»»

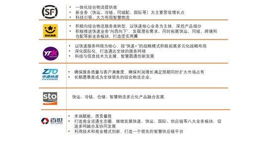 快遞企業在發展戰略中各有側重,而在共性中都包含了向綜合服務商的轉化、注重服務質量的提升以及科技賦能等方面(見圖表2)。
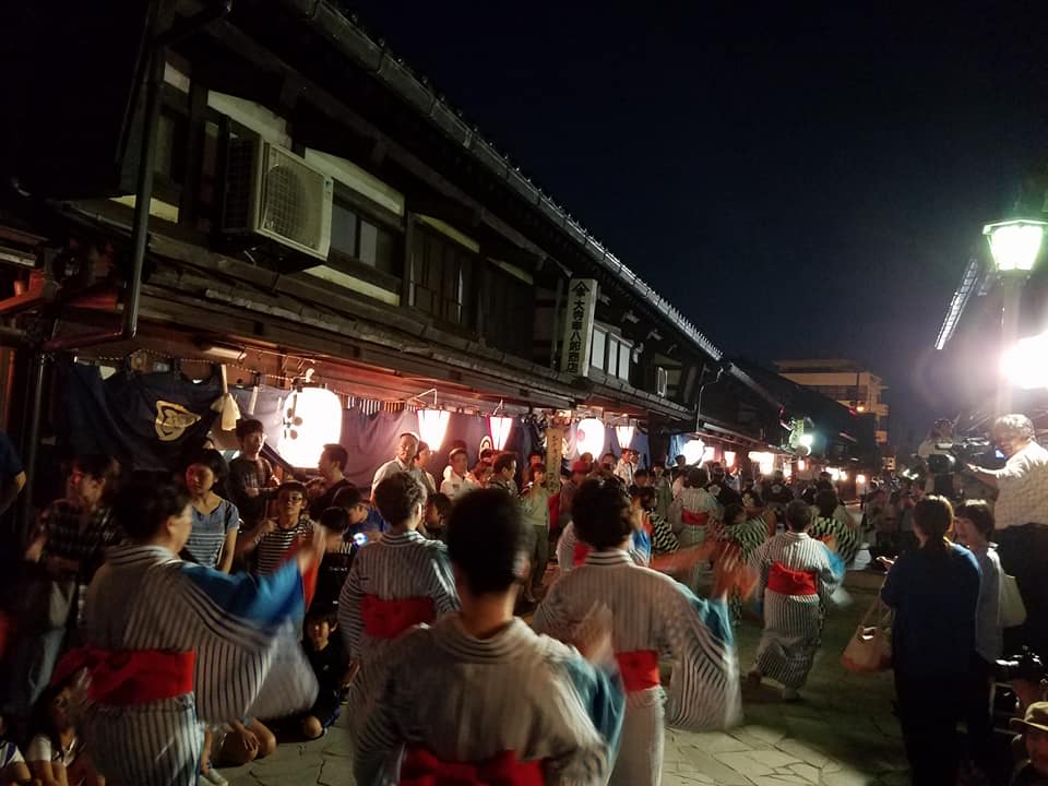 特に、19日(火)夜の前夜祭踊りでは、約1,000人による金屋町の石畳通りの街流しが名物となっております。
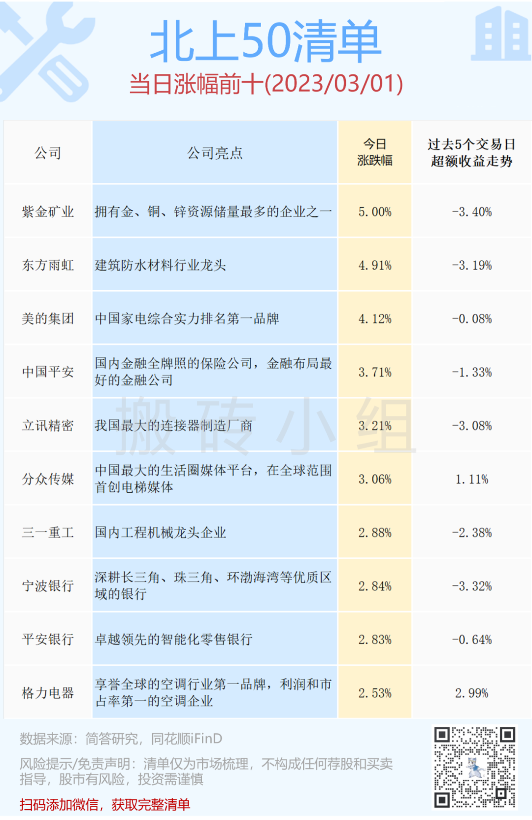 北上50榜单上榜的大多都是强宏观品种,机构和外资在定价中国经济的复苏,上面聊过了不多说。
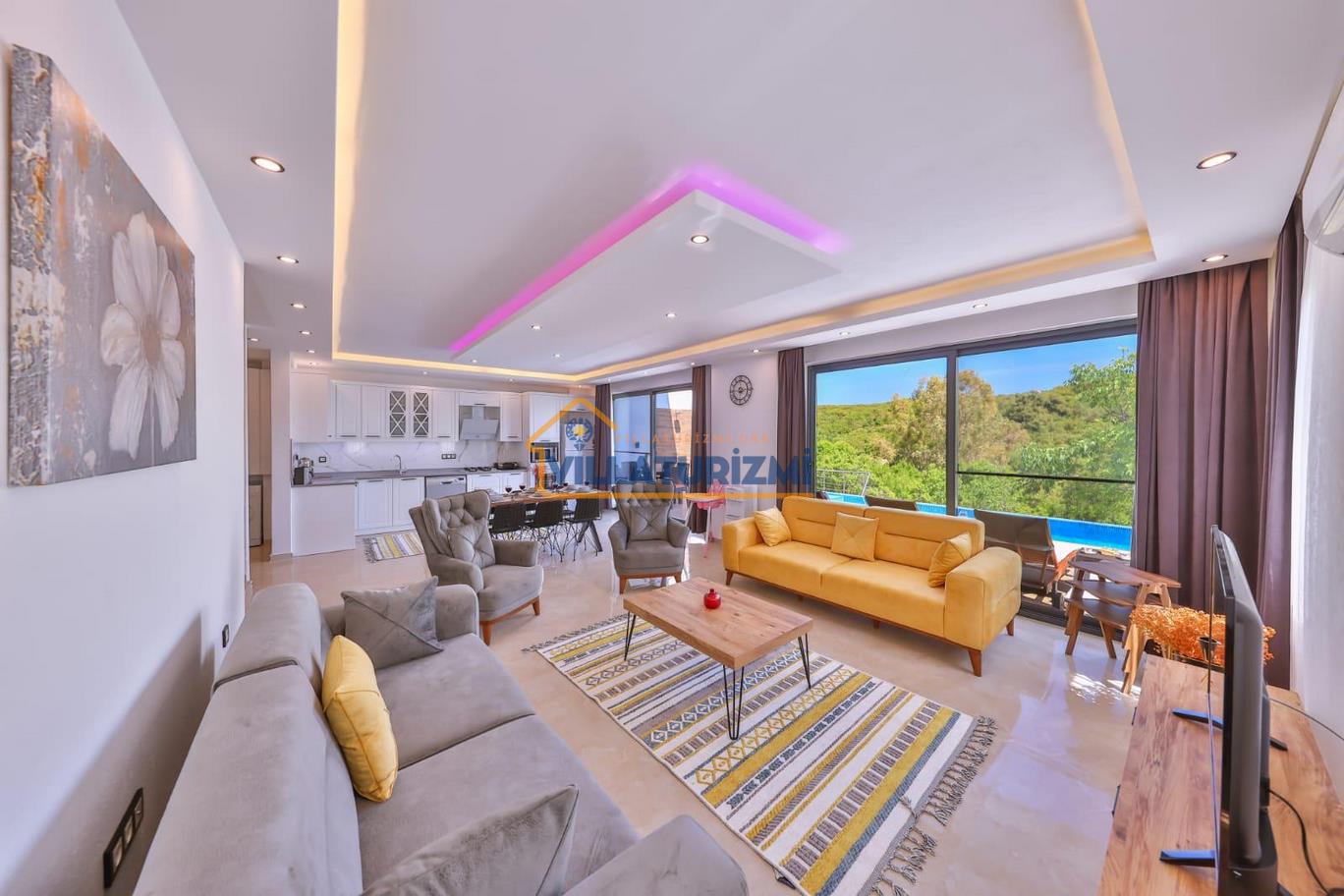 Salonumuzda rahat, lüks oturma gurubu, şömine, tv ve uydu alıcısı, ütü masası, limitsiz kablosuz internet, havuz kıyısına ve bahçeye çıkış vardır.
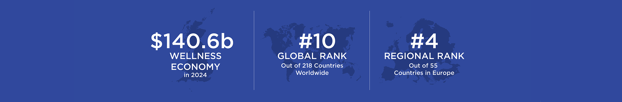 The wellness economy, as defined by GWI, is broad and diverse. Its eleven sectors encompass many different types of consumer activities and expenditures, including products, services, travel, and technology. Every country’s wellness economy is unique. Its composition can vary widely from country to country, based on its development history, culture, socioeconomic conditions, and government policy. Below we present Italy’s top-line wellness economy data and how it ranks globally. More details are available in the downloadable country report.
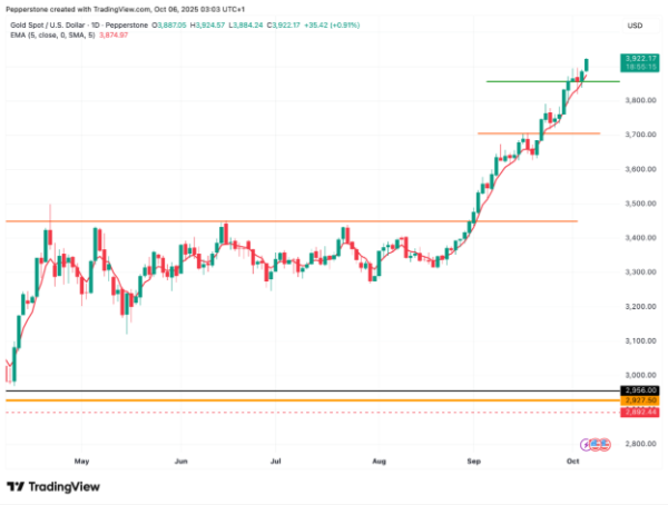 Gold Outlook: Bulls Break Above USD 3,900 as U.S. Government Shutdown Unfolds
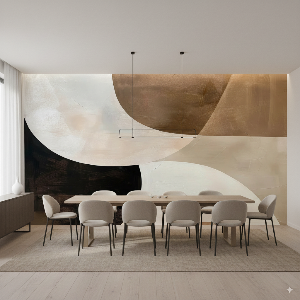 Una obra maestra del diseño contemporáneo que combina formas abstractas fluidas con una paleta de colores cálidos y sofisticados. Los elementos curvos en tonos dorado metálico, tierra y beige se entrelazan creando un movimiento visual dinámico que aporta elegancia y calidez a cualquier ambiente, perfecto para comedores de estilo moderno y minimalista.

««

Problem: Set down, exactly as written above, each line from the one with "北上50榜单上榜的大多都是强" through the one with "Salonumuzda rahat, lüks", and skip the pictures.

Finished task:
 北上50榜单上榜的大多都是强宏观品种,机构和外资在定价中国经济的复苏,上面聊过了不多说。
 Salonumuzda rahat, lüks oturma gurubu, şömine, tv ve uydu alıcısı, ütü masası, limitsiz kablosuz internet, havuz kıyısına ve bahçeye çıkış vardır.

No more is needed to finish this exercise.